The KOBE benchmarking engine is a system that aims to provide a generic platform to perform benchmarking and experimentation that can be reproducible in different environments. It was designed with the following objectives in mind:

  1. to allow for benchmark and experiment specifications to be reproduced in different environments and be able to produce comparable and reliable results;
  2. to ease the deployment of complex benchmarking experiments by automating the tedious tasks of initialization and execution.

Installation

Prerequisites

  • Kubernetes >= 1.8.0
  • kubectl configured for the Kubernetes cluster
  • Helm version 3 (for the Evaluation Metrics Extraction subsystem)
  • nfs-commons installed in the nodes of the cluster.
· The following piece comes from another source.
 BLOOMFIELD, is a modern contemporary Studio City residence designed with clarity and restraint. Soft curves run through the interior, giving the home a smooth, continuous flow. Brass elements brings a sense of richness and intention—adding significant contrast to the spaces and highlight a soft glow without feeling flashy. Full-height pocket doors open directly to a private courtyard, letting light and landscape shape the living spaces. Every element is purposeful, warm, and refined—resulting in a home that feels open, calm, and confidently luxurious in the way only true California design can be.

If in Debian or Ubuntu you can install it using apt-get install nfs-common

Installation of the Kubernetes operator

KOBE needs the Kubernetes operator that needs to be installed in the Kubernetes cluster. To quickly install the KOBE operator in a Kubernetes cluster, you can use the kobectl script found in the bin directory:

export PATH=`pwd`/bin:$PATH
kobectl install operator .

If you are using kubernetes version 1.15 and below you should instead use

kobectl install operator-v1beta1 

Alternatively, you could run the following commands:

kubectl apply -f operator/deploy/crds
kubectl apply -f operator/deploy/service_account.yaml
kubectl apply -f operator/deploy/clusterrole.yaml
kubectl apply -f operator/deploy/clusterrole_binding.yaml
kubectl apply -f operator/deploy/operator.yaml

For Kubernetes version 1.15 and below swap

kubectl apply -f operator/deploy/crds

with

kubectl apply -f operator/deploy/crds-v1beta1

You will get a confirmation message that each resource has successfully been created. This will set the operator running in your Kubernetes cluster and needs to be done only once.
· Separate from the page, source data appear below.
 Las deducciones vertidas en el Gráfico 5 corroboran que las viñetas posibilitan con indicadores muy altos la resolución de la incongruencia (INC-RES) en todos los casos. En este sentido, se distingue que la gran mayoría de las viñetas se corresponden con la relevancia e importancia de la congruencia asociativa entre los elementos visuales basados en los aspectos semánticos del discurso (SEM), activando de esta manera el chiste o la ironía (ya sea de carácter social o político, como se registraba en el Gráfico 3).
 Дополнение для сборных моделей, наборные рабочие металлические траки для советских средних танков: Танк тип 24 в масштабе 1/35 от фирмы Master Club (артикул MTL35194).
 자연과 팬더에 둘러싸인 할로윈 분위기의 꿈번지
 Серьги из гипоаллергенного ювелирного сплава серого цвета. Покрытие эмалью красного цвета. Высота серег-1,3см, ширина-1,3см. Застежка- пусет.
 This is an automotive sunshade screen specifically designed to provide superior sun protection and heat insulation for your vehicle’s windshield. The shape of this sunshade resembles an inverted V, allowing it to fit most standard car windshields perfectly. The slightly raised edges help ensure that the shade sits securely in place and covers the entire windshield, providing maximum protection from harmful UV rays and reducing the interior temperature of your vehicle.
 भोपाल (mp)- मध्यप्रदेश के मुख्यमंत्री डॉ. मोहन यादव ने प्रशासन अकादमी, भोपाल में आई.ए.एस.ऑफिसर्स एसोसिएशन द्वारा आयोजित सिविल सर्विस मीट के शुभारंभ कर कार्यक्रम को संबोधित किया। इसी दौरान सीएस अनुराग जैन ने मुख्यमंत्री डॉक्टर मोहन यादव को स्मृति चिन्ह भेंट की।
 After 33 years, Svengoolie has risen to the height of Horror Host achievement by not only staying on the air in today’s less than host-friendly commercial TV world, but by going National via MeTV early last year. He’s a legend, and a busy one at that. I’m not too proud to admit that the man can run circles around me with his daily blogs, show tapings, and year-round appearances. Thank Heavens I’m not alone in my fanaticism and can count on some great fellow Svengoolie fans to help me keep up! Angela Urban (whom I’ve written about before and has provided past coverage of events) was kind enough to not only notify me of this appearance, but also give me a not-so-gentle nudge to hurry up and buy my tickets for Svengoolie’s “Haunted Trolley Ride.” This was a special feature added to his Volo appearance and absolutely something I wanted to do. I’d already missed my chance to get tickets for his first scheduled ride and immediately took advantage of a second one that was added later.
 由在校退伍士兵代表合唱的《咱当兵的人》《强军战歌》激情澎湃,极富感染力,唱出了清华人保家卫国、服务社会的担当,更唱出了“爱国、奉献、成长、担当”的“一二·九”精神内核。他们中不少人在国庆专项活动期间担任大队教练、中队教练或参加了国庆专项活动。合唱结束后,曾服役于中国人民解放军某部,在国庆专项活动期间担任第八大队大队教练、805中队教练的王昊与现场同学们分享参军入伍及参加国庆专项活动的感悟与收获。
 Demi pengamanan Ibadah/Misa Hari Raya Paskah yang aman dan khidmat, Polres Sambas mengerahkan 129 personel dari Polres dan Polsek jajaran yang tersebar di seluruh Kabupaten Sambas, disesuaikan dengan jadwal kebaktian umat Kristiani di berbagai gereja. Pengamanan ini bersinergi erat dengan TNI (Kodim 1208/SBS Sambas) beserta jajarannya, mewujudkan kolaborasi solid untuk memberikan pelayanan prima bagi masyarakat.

Installation of Networking subsystem

KOBE uses Istio to support network delays between the different deployments. To install Istio first define the version (KOBE was tested with version 1.11.3)

export ISTIO_VERSION=1.11.3

then deploy Istio:

kobectl install istio .

Alternatively, you can consult the official installation guide or you can type the following commands.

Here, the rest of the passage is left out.